Tech Tip: Creating Explicit UTF-8 Text Files

PRODUCT: 4D | VERSION: 12 | PLATFORM: Mac & Win

Published On: April 21, 2012

The following code will create a text file with UTF-8 text, based on 4D Text as input. In particular the CONVERT FROM TEXT command is used to convert 4D Text (which is UTF-16) to a BLOB containing UTF-8 text. The BLOB is then saved to disk.

C_TEXT($1;$filePath_t)
C_TEXT($2;$fileBody_t)

C_BLOB($fileBody_b)

$filePath_t:=$1
$fileBody_t:=$2

// Convert text to UTF-8.
CONVERT FROM TEXT($fileBody_t;"UTF-8";$fileBody_b)
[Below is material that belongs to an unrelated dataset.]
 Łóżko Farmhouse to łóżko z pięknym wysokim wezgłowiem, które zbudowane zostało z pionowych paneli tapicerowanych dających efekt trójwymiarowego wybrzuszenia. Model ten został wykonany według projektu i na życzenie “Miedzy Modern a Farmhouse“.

$docRef_h:=Create document($filePath_t)

If (OK=1)
// Add the content.
SEND PACKET($docRef_h;$fileBody_b)
CLOSE DOCUMENT($docRef_h)
End if

Here's the problem: a program opening the output file might interpret it as a different encoding, depending on the content. In part this is because UTF-8 is indistinguishable from ASCII for most of the first 128 characters. Notepad++, for example, will interpret the file as ASCII instead of UTF-8 if there are no extended characters present. In fact the key is the above code produces a file with the encoding "UTF-8 without BOM", where "BOM" stands for "Byte Order Mark". Without a BOM, the file encoding must be inferred based on content.
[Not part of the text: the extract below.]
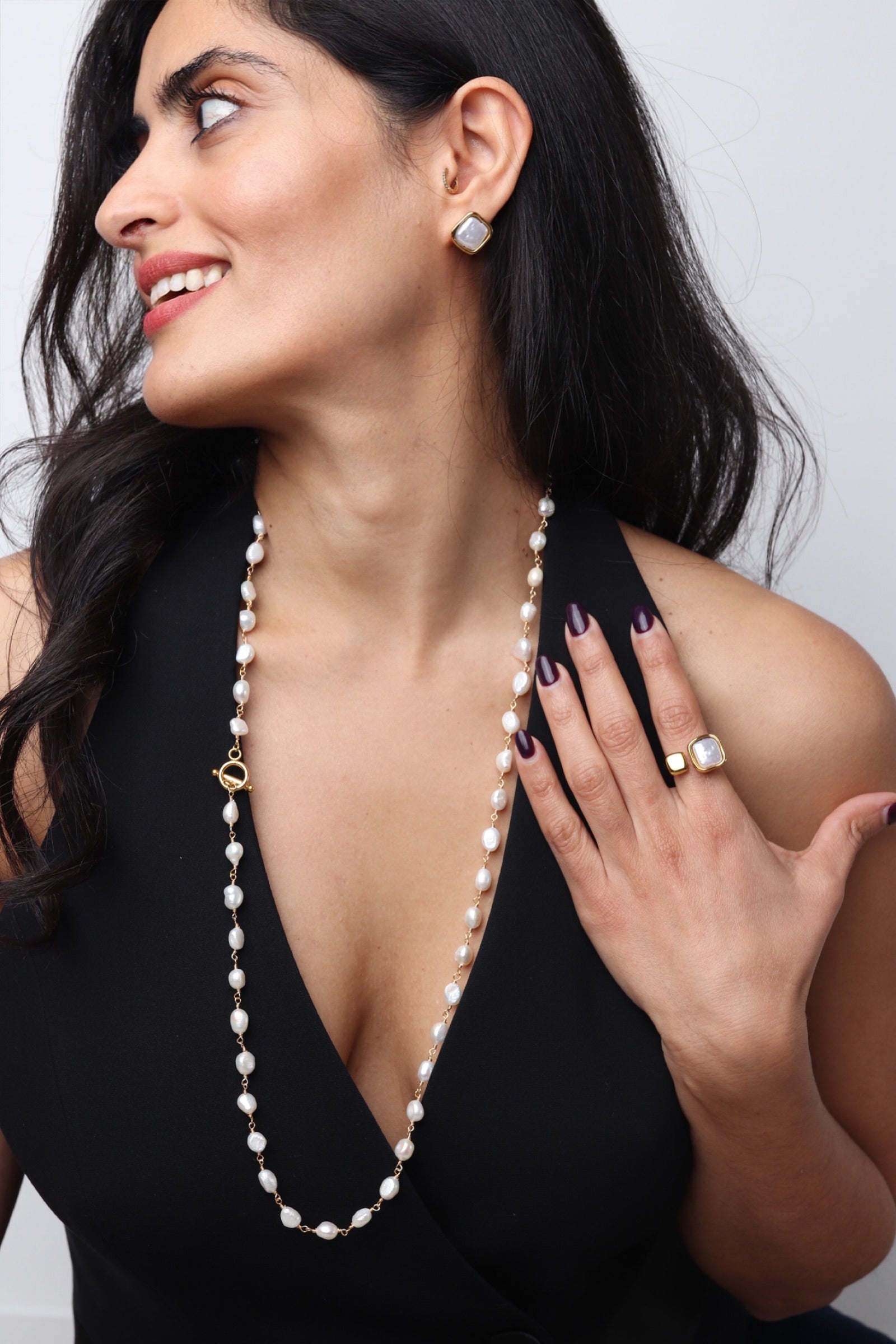 Perles naturelles et plaqué or 18k : la douceur rencontre l’intemporel.

If you wish to explicitely delcare that the file contains UTF-8 text (and not "UTF-8 without BOM"), it is possible to do so by inserting the BOM. Here is the code to do it:

C_TEXT($1;$filePath_t)
C_TEXT($2;$fileBody_t)

C_BLOB($fileBody_b;$bom_b)

$filePath_t:=$1
$fileBody_t:=$2

SET BLOB SIZE($bom_b;3)
$bom_b{0}:=239 // EF (UTF-8)
$bom_b{1}:=187 // BB (UTF-8)
$bom_b{2}:=191 // BF (UTF-8)

` Convert text to UTF-8.
CONVERT FROM TEXT($fileBody_t;"UTF-8";$fileBody_b)
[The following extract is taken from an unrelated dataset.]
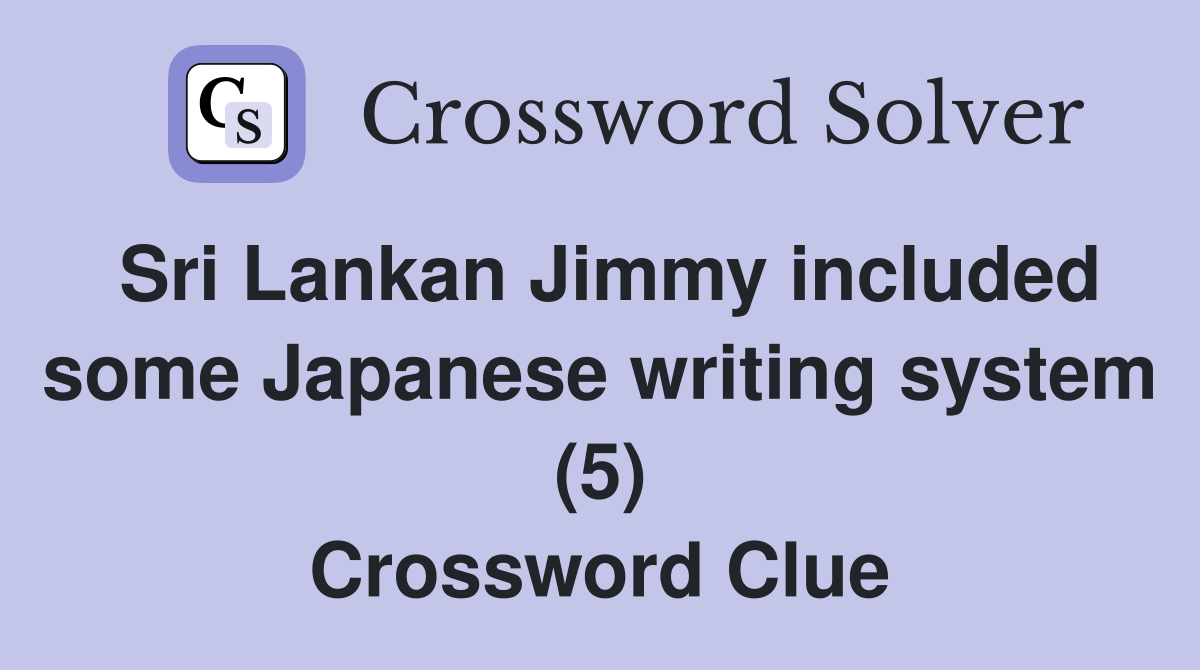 Sri Lankan Jimmy included some Japanese writing system (5) Crossword

$docRef_h:=Create document($filePath_t)

If (OK=1)
// Insert the BOM...
SEND PACKET($docRef_h;$bom_b)
// Add the content.
SEND PACKET($docRef_h;$fileBody_b)
CLOSE DOCUMENT($docRef_h)
End if

Please note: in a system that works only with UTF-8 files, the BOM is not required nor recommended according to the Unicode Standard. This technique is useful in situations where different file types might be encountered and, thus, the ability to detect the encoding is important. But in fact the more important point is that ideally the type of the file should be known before accessing it, not detected.